Tarih:
10.11.2015
Bu korku mu nefret mi?
Şahin Mengü: Korkmamanız gerekir, Atatürkçüler egemen olduğu gün, bu ülkede hukuk egemen olacağı için her birey özgür olacaktır.
Son yıllarda bazılarında, özellikle de 1 Kasım seçimlerindeki büyük hezimetten sonra, Cumhuriyet Halk Partisi köklerine dönecek diye büyük bir korku başladı.Cumhuriyet Halk Partisi’nin özüne dönmesi demek,bugün inkar edilen devrimci, halkçı ve laik niteliklerine geri dönmesi demektir.
Cumhuriyet Halk Partisi’nin devrim anlayışı sürekliliği içerir, Bir dönem de gerçekleştirilen köklü değişiklik boyutuyla sınırlı kalamaz.Bu ilericiliğinin gereğidir.
Bunu anlayabilmek için 1961 Anayasasının hazırlanmasında, eğer çağdaş uygarlığa hakim olmuş görüşler egemen olmuşsa, bunda Cumhuriyet Halk Partisi’nin 12 Ocak 1959 daki 14. Kurultayında kararlaştırdığı ilk hedefler bildirgesinin büyük katkısı olmuştur.
Cumhuriyet Halk Partisi etnik kördür. Ama etnik kör olmak demek bölücüleri CİA ajanlarını kucaklamak değildir.
Cumhuriyet Halk Partisi Kürt kökenli vatan evlatlarını, bazılarının söylediği gibi dışlamaz; tam aksine onları ağaların, şeyhlerin, derebeylerin kulları olmaktan kurtarıp, birey olabilmeleri için çaba sarf eder.
O bölgeyle ilgili Cumhuriyet Halk Partisi eleştirilecekse, planlayıp da gerçekleştiremediği toprak reformu nedeniyle eleştirilebilinir.
Eğer zamanında, yani 1930’larda o toprak reformu gerçekleştirilebilseydi, Türkiye bugün birinci sınıf bir demokrasiye sahip olurdu.
Cumhuriyet Halk Partisi geçmişinde merkez sağdan bir çok siyaset adamına kapılarını açmıştır. Ama onlar kendi düşüncelerini partiye taşımadılar, bu partinin değerlerini benimseyerek geldiler.

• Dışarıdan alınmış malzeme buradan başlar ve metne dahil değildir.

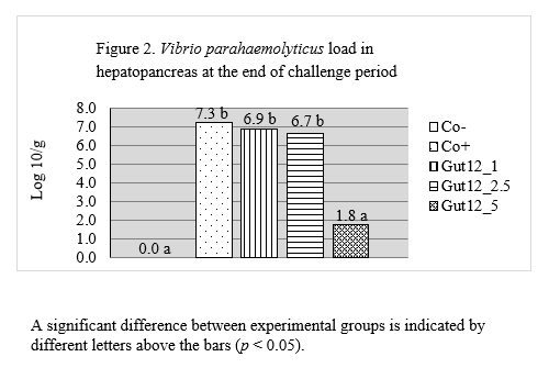 Whiteleg shrimp (Litopenaeus vannamei ) have experienced rising production over the past decade, but intensified farming has led to increased susceptibility to diseases such as acute hepatopancreatic necrosis disease (AHPND). This , caused by Vibrio parahaemolyticus (VP), severely impacts the hepatopancreas (HP) , a key organ for metabolism and immunity . This infection can be detected through the dissection of shrimp HP, where typical signs include a pale appearance and organ atrophy. Due to the economic losses caused by AHPND for shrimp farmers, the use of antibiotics to prevent and treat this infection is common in developing countries. However, the misuse of antibiotics has caused microbial resistance, which poses a significant global threat by reducing the effectiveness of disease treatments. To combat this, alternatives to antibiotics have been explored in shrimp such as essential oils , mannanoligosaccharides and β-glucan, which strengthen shrimp immunity. Additionally, glycerol fatty acid esters have shown antimicrobial properties against Vibrio pathogens. The aim of this study was to evaluate whether a combination of dietary immunomodulators (Marfeed Gut12) can improve the immune resistance of whiteleg shrimp against VP and at which dosage.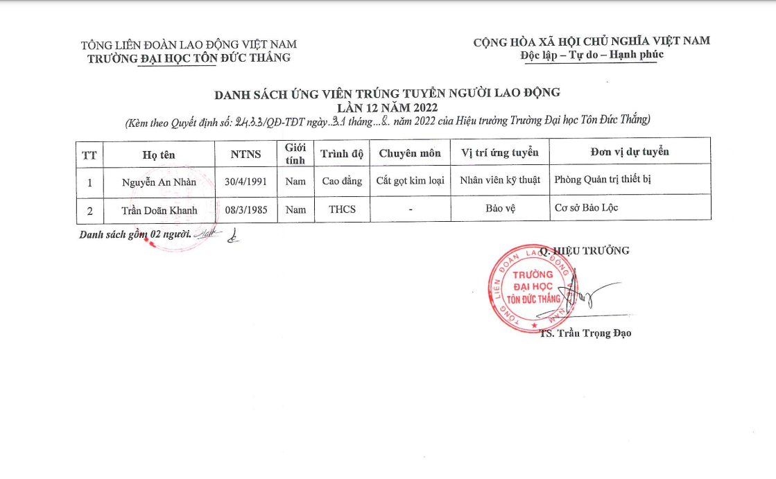 Hội đồng tuyển dụng Trường Đại học Tôn Đức Thắng thông báo về việc công nhận kết quả tuyển dụng năm 2022 như sau: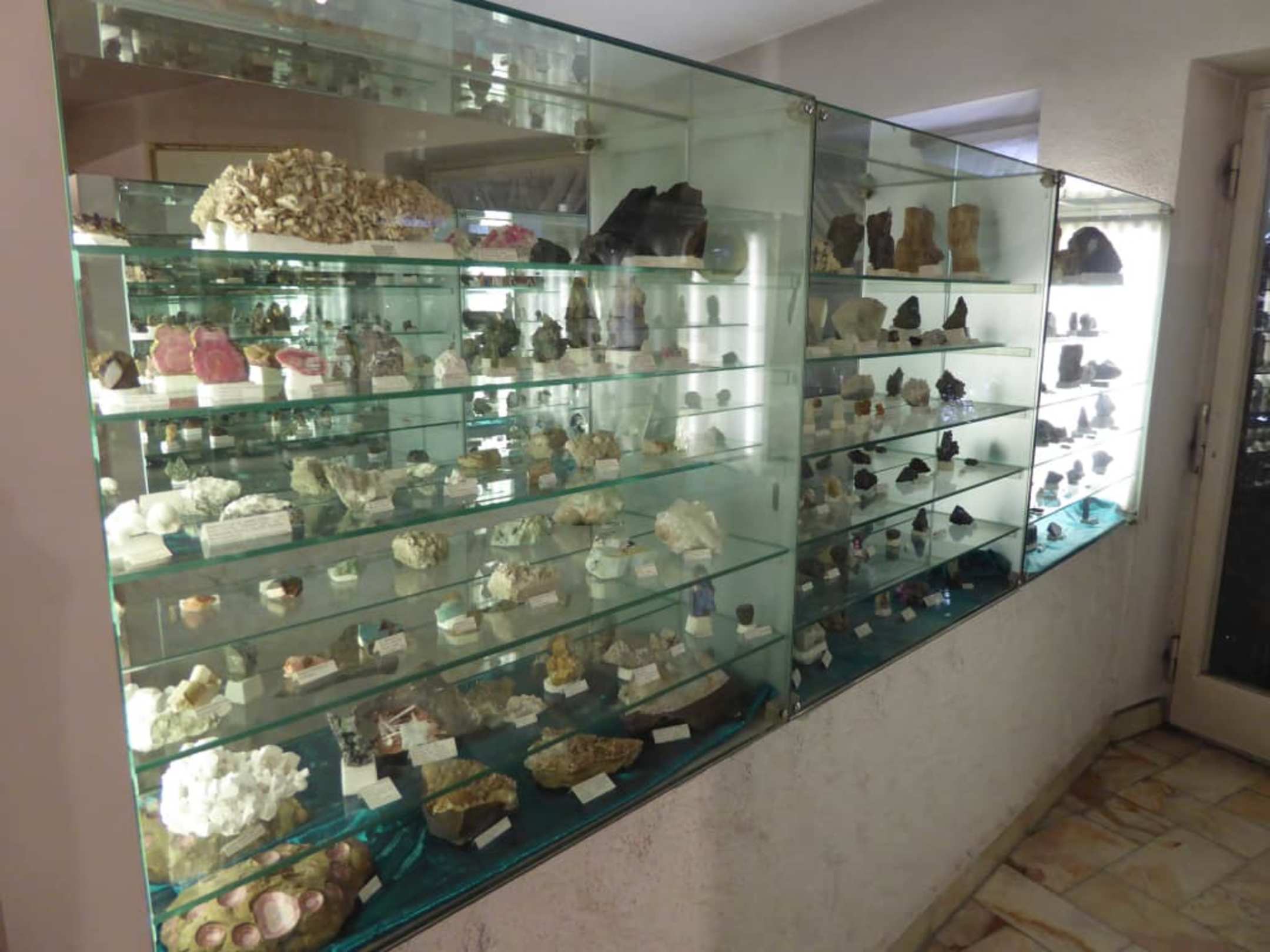 Vitrinen mit Kristallen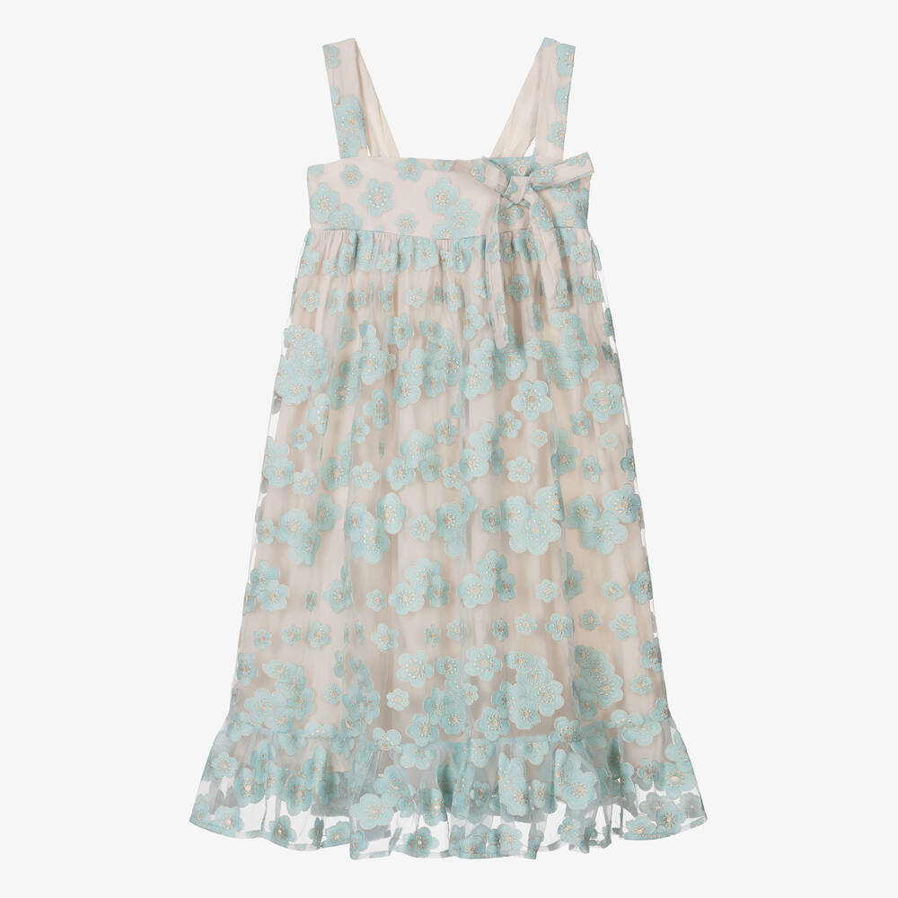 Teen Girls Turquoise Blue Embroidered Tulle Dress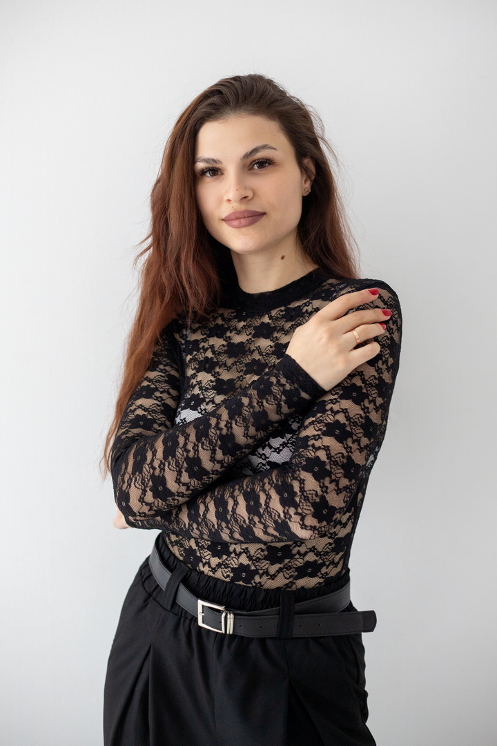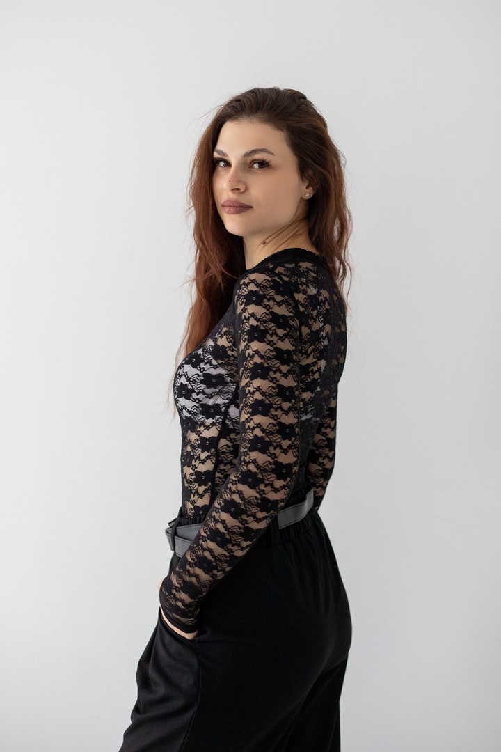 Параметри моделі: обхват грудей 83, талія 71, стегна 100, зріст 170 см.Розмір одягу 42-44.

Hürriyet Partisinden ayrılanların Cumhuriyet Halk Partisine katılmaları bunun çarpıcı örneğidir.
Cumhuriyet Halk Partisi köklerine döndüğü zaman, Genel Başkanlar ABD büyük elçileri ile otel köşelerinde gizli saklı görüşmeler yapmazlar, açıkça görüşürler.
“Bu ülkede neyin, nerde ve ne kadar ekileceğine biz karar veririz” diyerek haykırırlar.
Yani ülkenin ve partinin sorunlarını yabancılarla konuşmazlar. Onların bizim iç sorunumuz olduğunu bilirler.
Cumhuriyet Halk Partisi’nin köklerine dönmesi demek; eğer soydaşlarını koruması, ulusla arası hukuktan kaynaklanan bir hak ise, bu hakkı Kıbrıs’ta olduğu gibi, kimsenin icazetini almadan, milli onurunu koruyarak “Barış Harekatı” yaparak gerçekleştirebilmesi demektir.
Cumhuriyet Halk Partisi haksız olarak suçlandığı gibi İslami kesime hiç kapısını kapatmadı, sırtını dönmedi, tam aksine onlara kucak açtı. Mübadele ve ondaki temel mantık incelerse bu görülür.
Kast edilen, kurucu önderimize kefere diyen haysiyet yoksunlarını benimsemek ise, onları Cumhuriyet Halk Partisi elbette bağrına basmayacaktır.
Elbette kutsal din duygularını siyaset ticaret eksenine oturtanları bağrına basmayacaktır, onlara hep sırtını dönecektir.
Cumhuriyet Halk Partisi, “Din layık olduğu yere, insanların vicdanına bırakılmıştır” özlü sözün arkasındadır.
Bu partinin kurucuları kendi ceplerinden Camii yaptırmışlardır. Ama bizim anlayışımızda dini kutsal yerine, inanların vicdanına bıraktığımız için onu sömürmediler, bunun da reklamını yapmadılar.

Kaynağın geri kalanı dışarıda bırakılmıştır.